Haha, our High School Drama Club has already performed the higher level Guys and Dolls, Fidler on the roof, and Oklahoma. And the Jr play two years ago was The Wizard of Oz : )

As for when I said lots of costumes and props, I ment we have a boat load of costumes and props in our storage room. One of the things the drama director wanted to downsize was the budget for props and sets, I guess they went overboard last year. I keep telling them to take apart all the old sets that are sitting on SR wing and re-use the wood and free up LOTS of wasted space, becasue if they dont this year, I am getting a few maintenance people to help rip apart all the old sets and let the maintenance and grounds department have the wood. We could have a large changing booth and SOO much more room. There is a frame we used in the play "The Princess and the Pea" still there from SIX years ago.


phil, We have never had problems witht he males changing before. Just the females having problems with the males being there, even if they arent looking or anything. So, having all the male actors think they are 8 years older then they really are so they have no problem in doing anything anywere, FTW. Having girls who think that everyone is staring at them, not ftw. 


So, I will check out MTI and Samual French sites ^_^ Thanks.
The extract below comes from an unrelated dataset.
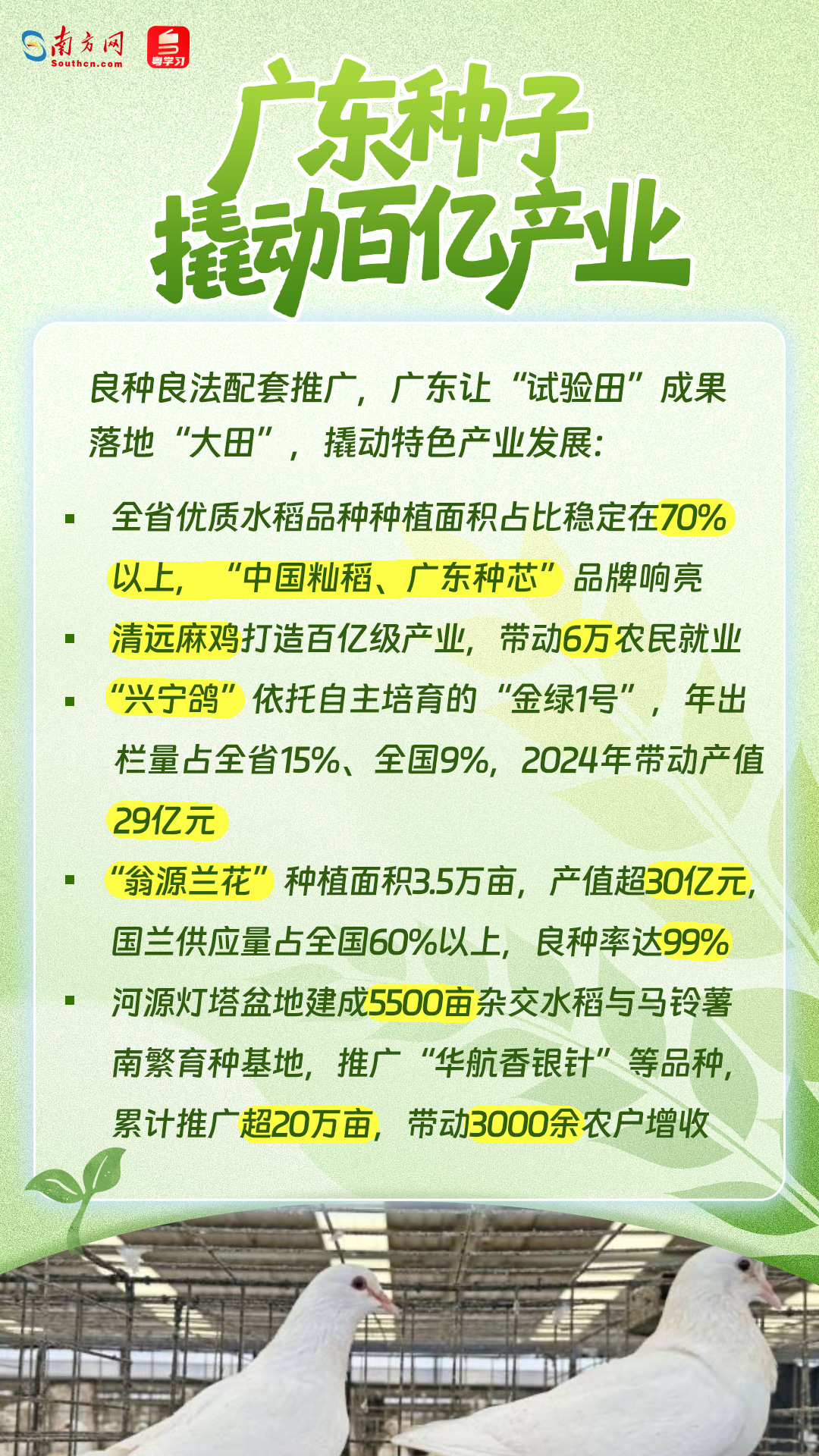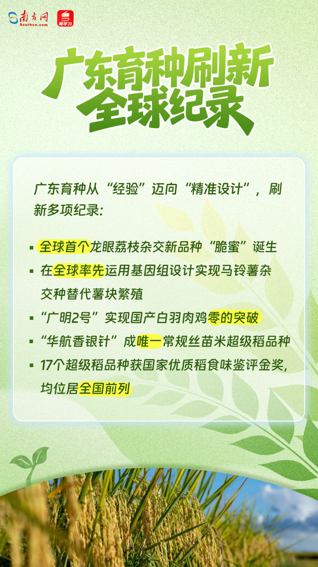 这扇窗口背后,是广东种业领跑全国的硬核实力——从“华航香银针”超级稻到“脆蜜”龙眼荔枝杂交果,从国产白羽肉鸡零的突破到千亿级产业集群,为种业振兴“五年见成效”提交了一份亮丽答卷。

P.S., I hope noone still thinks we force the students to do something they arent comfortable doing, we just simply tell them to wear clothing udner their costumes, ie, sportsbra and short shorts. (Which most of them wear anyways X_X)


----------



## Tex (Aug 17, 2009)

Musical - Honk (great retelling of The Ugly Duckling)
Honk, A Musical Comedy - George Stiles and Anthony Drewe's Award Winning Musical

Play - The Yellow Boat 
ANCHORAGE PRESS PLAYS

These are both great for middle school kids and provide challenging roles and worthwhile literature.


----------



## MillburyAuditorium (Aug 17, 2009)

Thanks Tex : D



I was on the MTI site, And I filled in the advanced search with our specifications, and it didn't bring up anything ^^'


----------